A sample of the unique MNIST digits (Image by writer)

Step 3: Apply NMF with 9 components (d = 9)

from sklearn.decomposition import NMF

nmf_model = NMF(n_components=9, init='random', random_state=0)
image_data_nmf = nmf_model.fit_transform(image_data)

print("Shape:", image_data_nmf.shape)
print("Type:", type(image_data_nmf))

(Image by writer)

Now, the brand new dimensionality is 9. The unique dimensionality was 784. Due to this fact, the dimensionality has been significantly reduced!

To get the form of V, W and H matrices, we are able to run the next code.

print("V_shape:", image_data.shape)
print("W_shape:", image_data_nmf.shape)
print("H_shape", nmf_model.components_.shape)
(Image by writer)

To get the reconstruction error or beta divergence between V and the product of WH, we are able to run the next code.

nmf_model.reconstruction_err_
(Image by writer)

The reconstruction error may be very high. It is because we’ve got chosen only 9 components out of 784. We are able to confirm this by visualizing the output.

image_data_nmf_recovered = nmf_model.inverse_transform(image_data_nmf)

n = 5
plt.figure(figsize=(6.75, 1.5))
for i in range(n):
ax = plt.subplot(1, n, i+1)
plt.imshow(image_data_nmf_recovered[i, :].reshape(28, 28), cmap="binary")
ax.axis('off')

plt.show()

NMF output: 9 components or d = 9

NMF output: 9 components or d = 9 (Image by writer)

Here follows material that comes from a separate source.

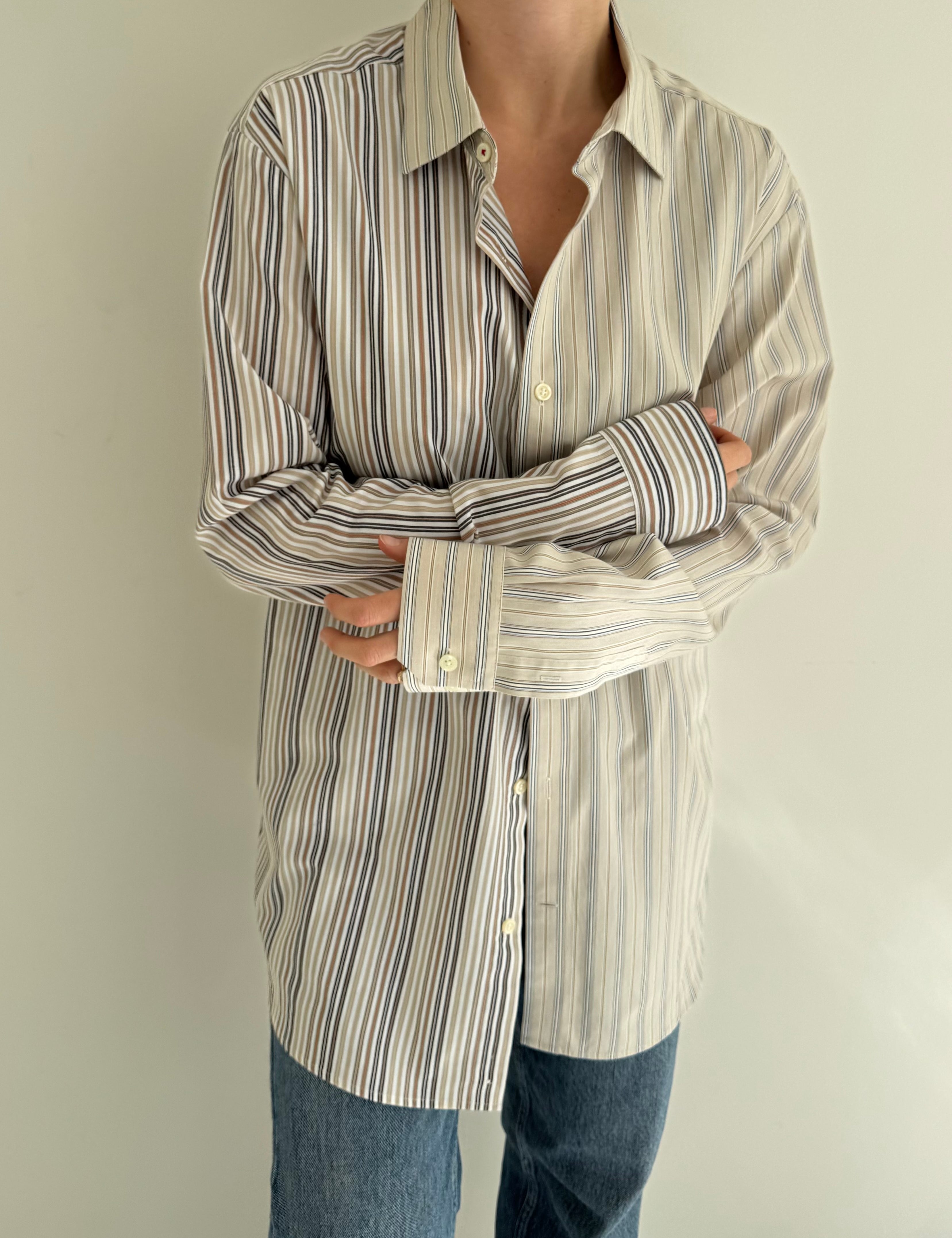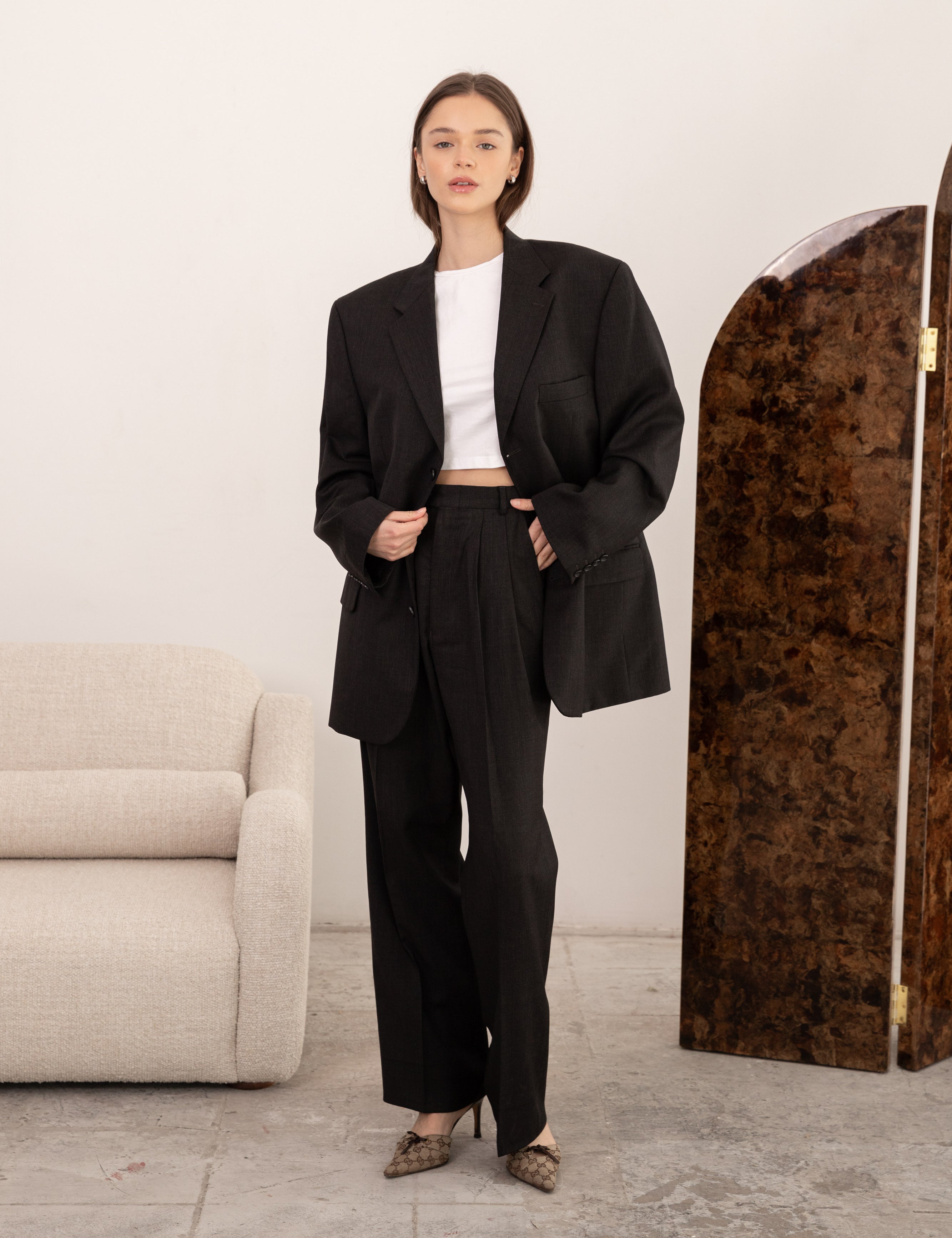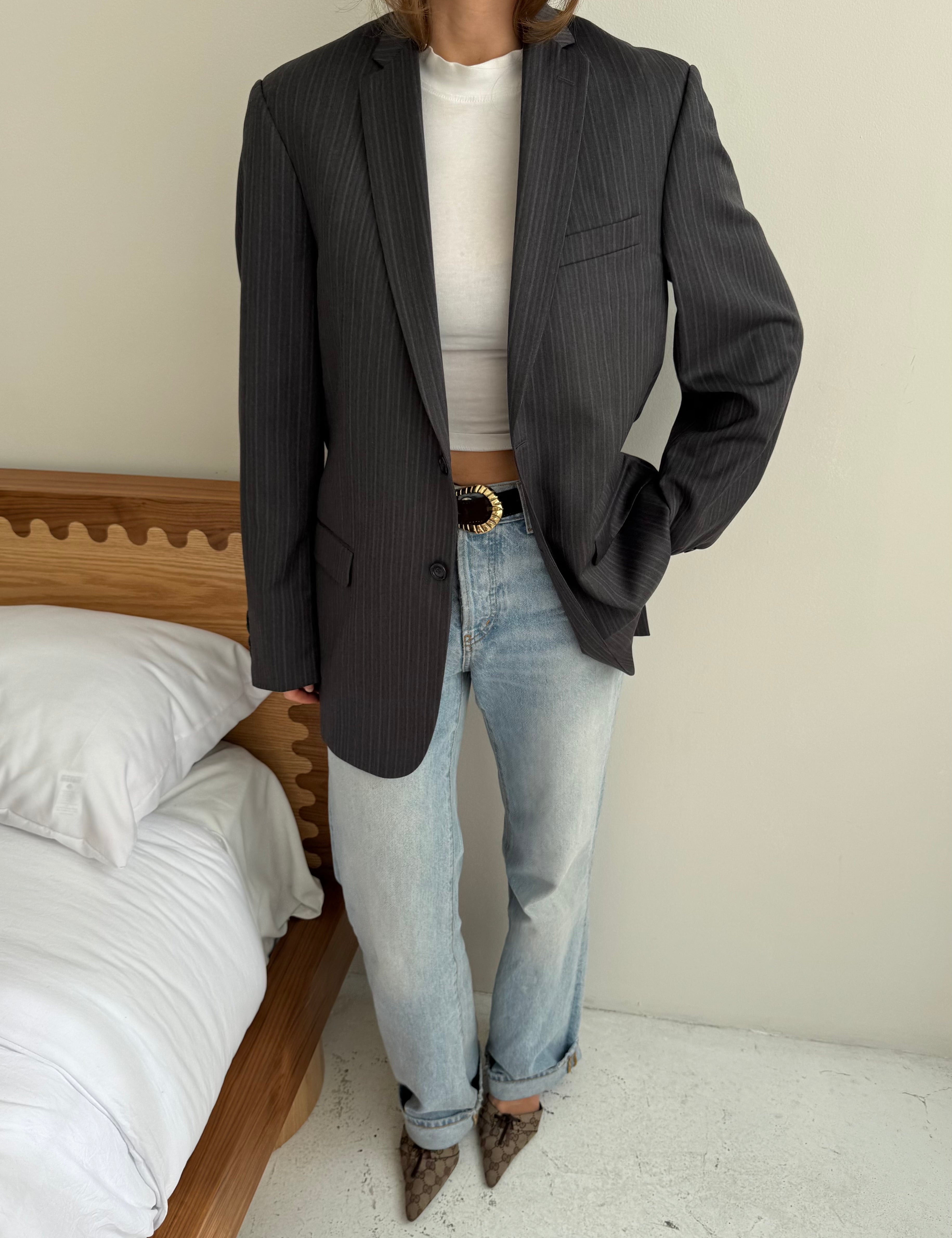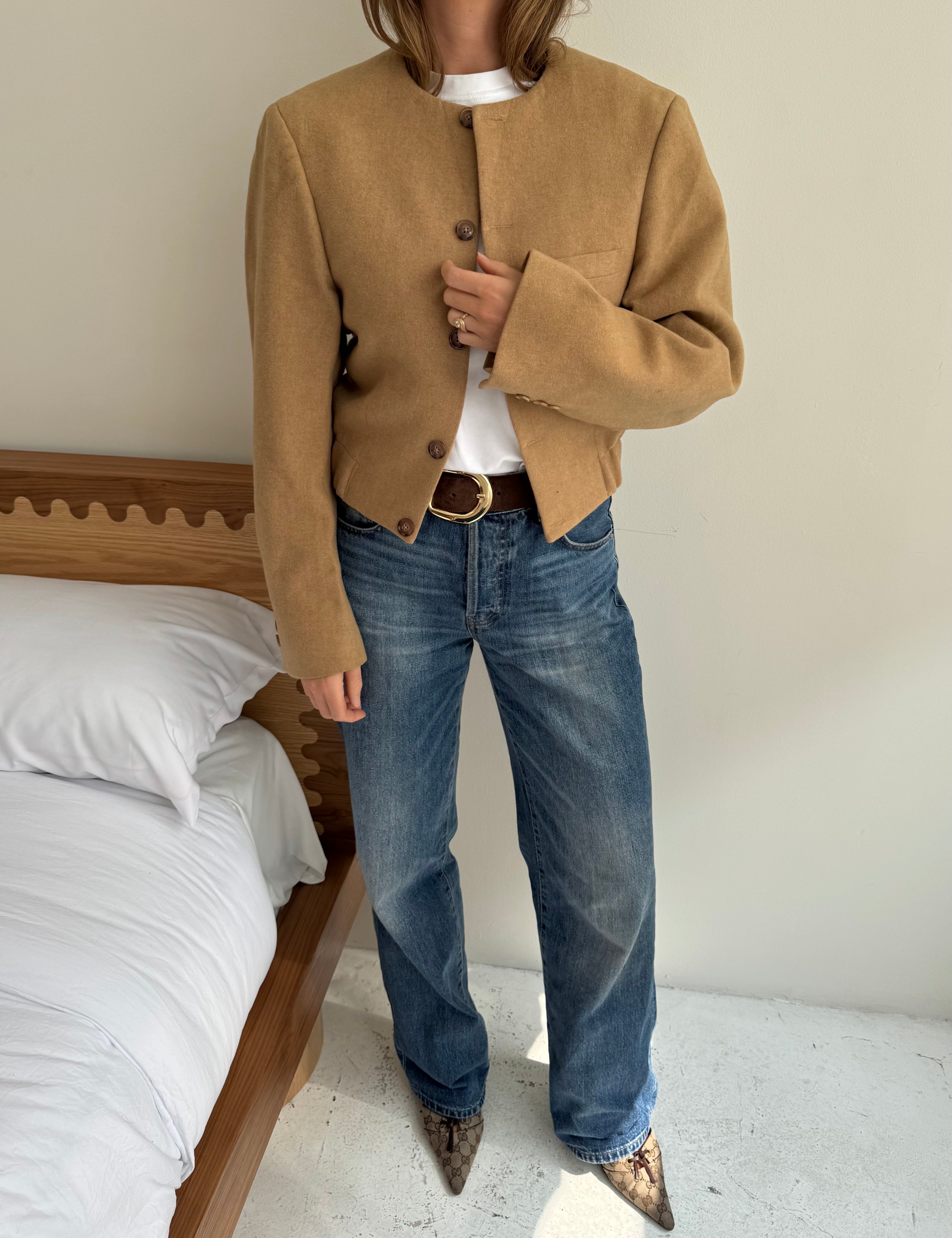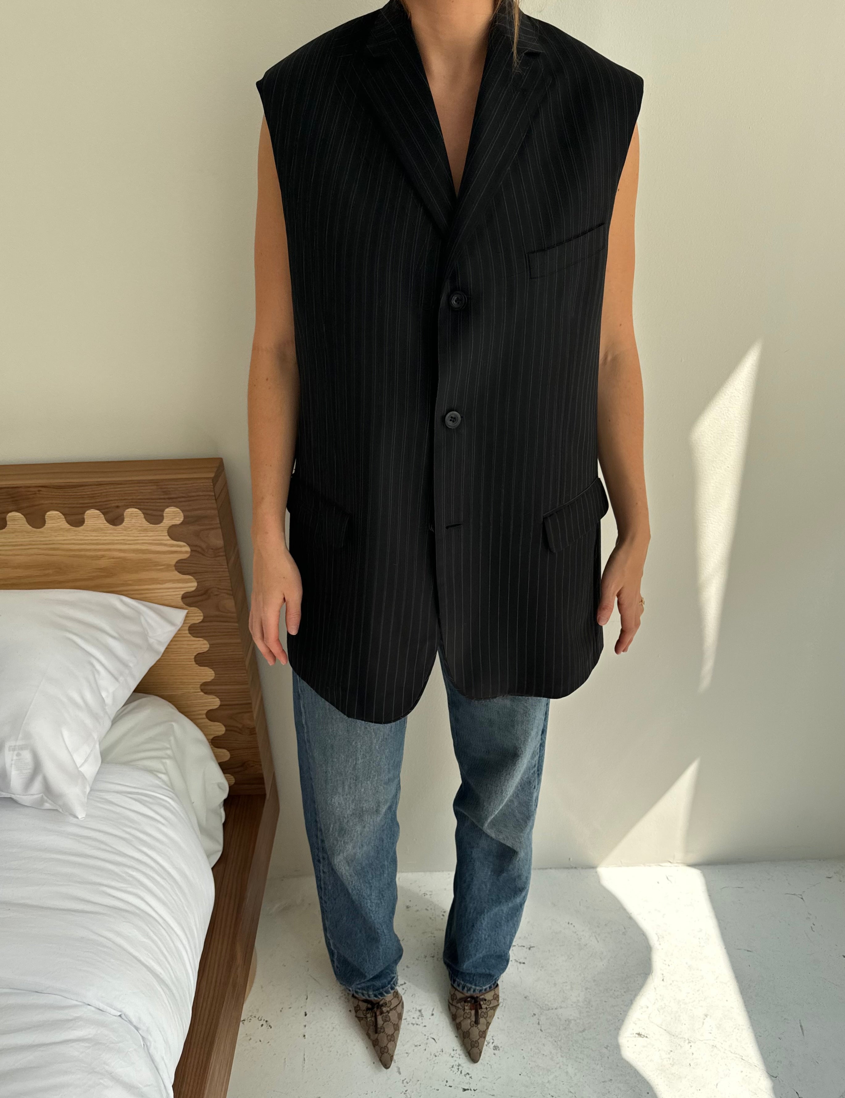 A match made in heaven. Two carefully sourced vintage blazers, made into one, adding a twist to the classic and timeless oversized blazer. Perfect for all occasions and always super versatile. Wear it with jeans or on its own, daytime or evening. Carefully curated, tailored and dry cleaned. Beautiful quality, and always made from silk, cashmere, cotton or wool.The sewing has been done well, however there may be slight differences in length/shoulder, as the jacket is made from two recycled blazers.

The digits aren’t clear. You may compare this output with the sample of the unique images.

I even have run the NMF algorithm by selecting 100, 225 and 784 components. Listed below are the outcomes.

NMF output: 100 components or d = 100

NMF output: 100 components or d = 100 (Image by writer)

The reconstruction error is 174524.20.

NMF output: 225 components or d = 225

NMF output: 225 components or d = 225 (Image by writer)

The reconstruction error is 104024.62.

NMF output: 784 components or d = 784 (all components)

NMF output: 784 components or d = 784 (Image by writer)

The reconstruction error is 23349.67.

When the variety of components is increased when running non-negative matrix factorization (NMF), the photographs are getting clear and the reconstruction error is getting low.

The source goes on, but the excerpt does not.